(Stored dataset items)
--------------------

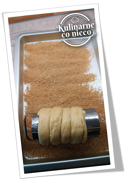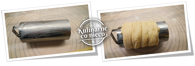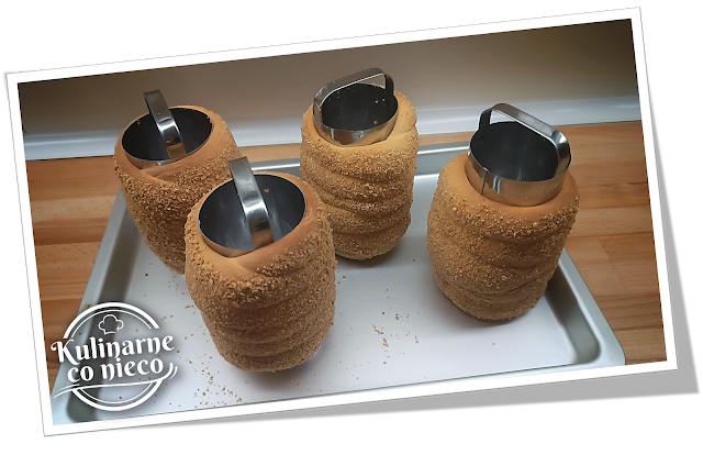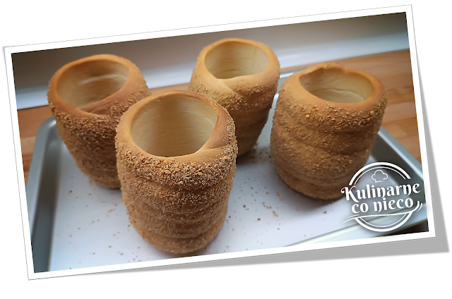 Po upieczeniu Kürtőskalács delikatnie zdjąć z foremki,
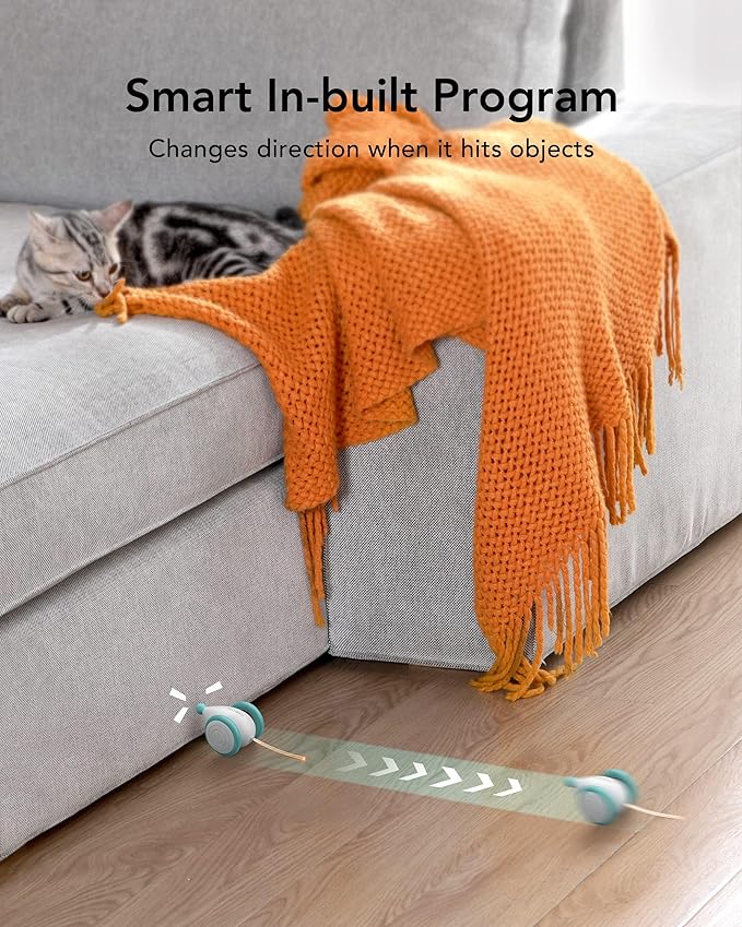 - Automatic Cat Toy: With an intelligent built-in obstacle avoidance sensor, PETLIBRO mouse cat toy runs in random directions and moves away when it hits a wall, furniture, or other obstacles, keeping your cat excited by remaining unpredictable.
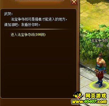 1.点击画面右上角『活动』→『副本』→法宝争夺战,点击“前往”即可自动寻路前往法宝争夺战NPC武贺处花费1两进入场地。
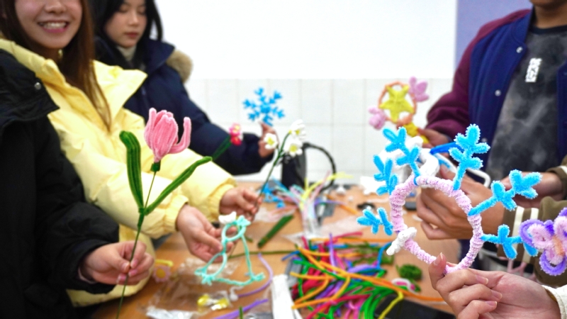 “捻缕成诗,扭韵成画”环节,则让扭扭棒焕发巧思与趣味。各色扭扭棒在指尖流转,逐渐化为灵动的小狗、鲜艳的郁金香、精巧的新年挂饰与迷你摆件。遇到造型难题时,大家互相支招、分享技巧,在协作中不仅创造出鲜活的作品,也收获了轻松的愉悦。
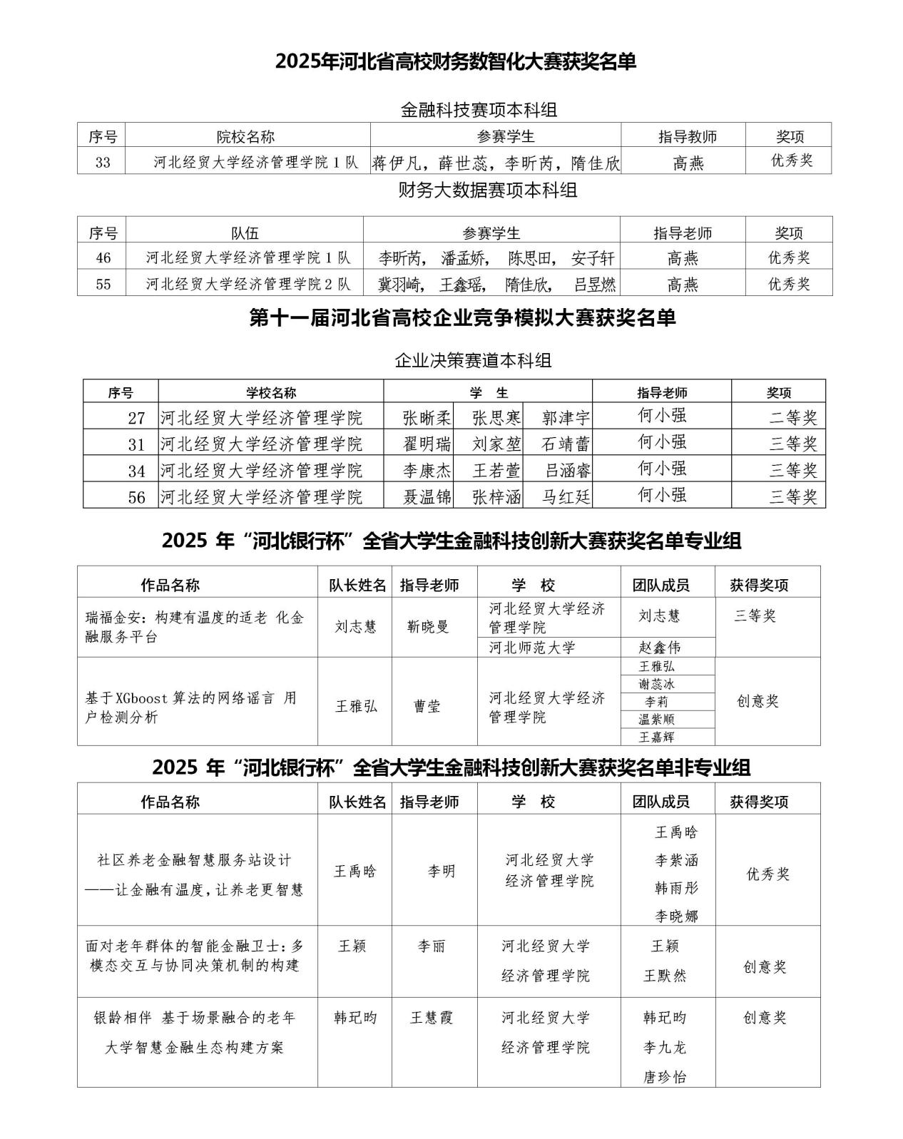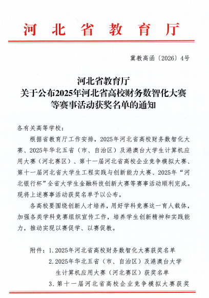 在2025年河北省高校财务数智化大赛中,由高燕教师指导,蒋伊凡等同学组成的“开云kaiyun登录入口1队”,在金融科技赛项本科组中获得“优秀奖”。在财务大数据赛项本科组,李昕芮、冀羽崎两支队伍获得优秀奖。
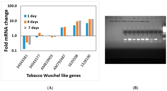 One hundred and two genes were identified in the NAC gene family in tobacco [33,34], but only eight transcripts were identified with varied expression during the shoot induction period (Figure S7). Genes ID 1203313, EH666187, TC18954, and TC23573 increased 30-, 20-, 16-, and 8-fold on day 4 and then dropped on day 7 while genes ID 5124 and 1129698 increased 22-fold and 14-fold, respectively, on day 1 and then fell to 2-fold on day 4 and day 7. Gene ID BP527214 increased 6-5 fold on all days tested compared to day 0, while gene ID 5153 decreased 2.5 fold on day 7 (Figure S7).

--------------------

• **Task description**
Go back to the entries above and restate word for word every line from the first through the one that contains "在2025年河北省高校财务数", leaving the pictures behind.

• **Completed exercise**
 Po upieczeniu Kürtőskalács delikatnie zdjąć z foremki,
 - Automatic Cat Toy: With an intelligent built-in obstacle avoidance sensor, PETLIBRO mouse cat toy runs in random directions and moves away when it hits a wall, furniture, or other obstacles, keeping your cat excited by remaining unpredictable.
 1.点击画面右上角『活动』→『副本』→法宝争夺战,点击“前往”即可自动寻路前往法宝争夺战NPC武贺处花费1两进入场地。
 “捻缕成诗,扭韵成画”环节,则让扭扭棒焕发巧思与趣味。各色扭扭棒在指尖流转,逐渐化为灵动的小狗、鲜艳的郁金香、精巧的新年挂饰与迷你摆件。遇到造型难题时,大家互相支招、分享技巧,在协作中不仅创造出鲜活的作品,也收获了轻松的愉悦。
 在2025年河北省高校财务数智化大赛中,由高燕教师指导,蒋伊凡等同学组成的“开云kaiyun登录入口1队”,在金融科技赛项本科组中获得“优秀奖”。在财务大数据赛项本科组,李昕芮、冀羽崎两支队伍获得优秀奖。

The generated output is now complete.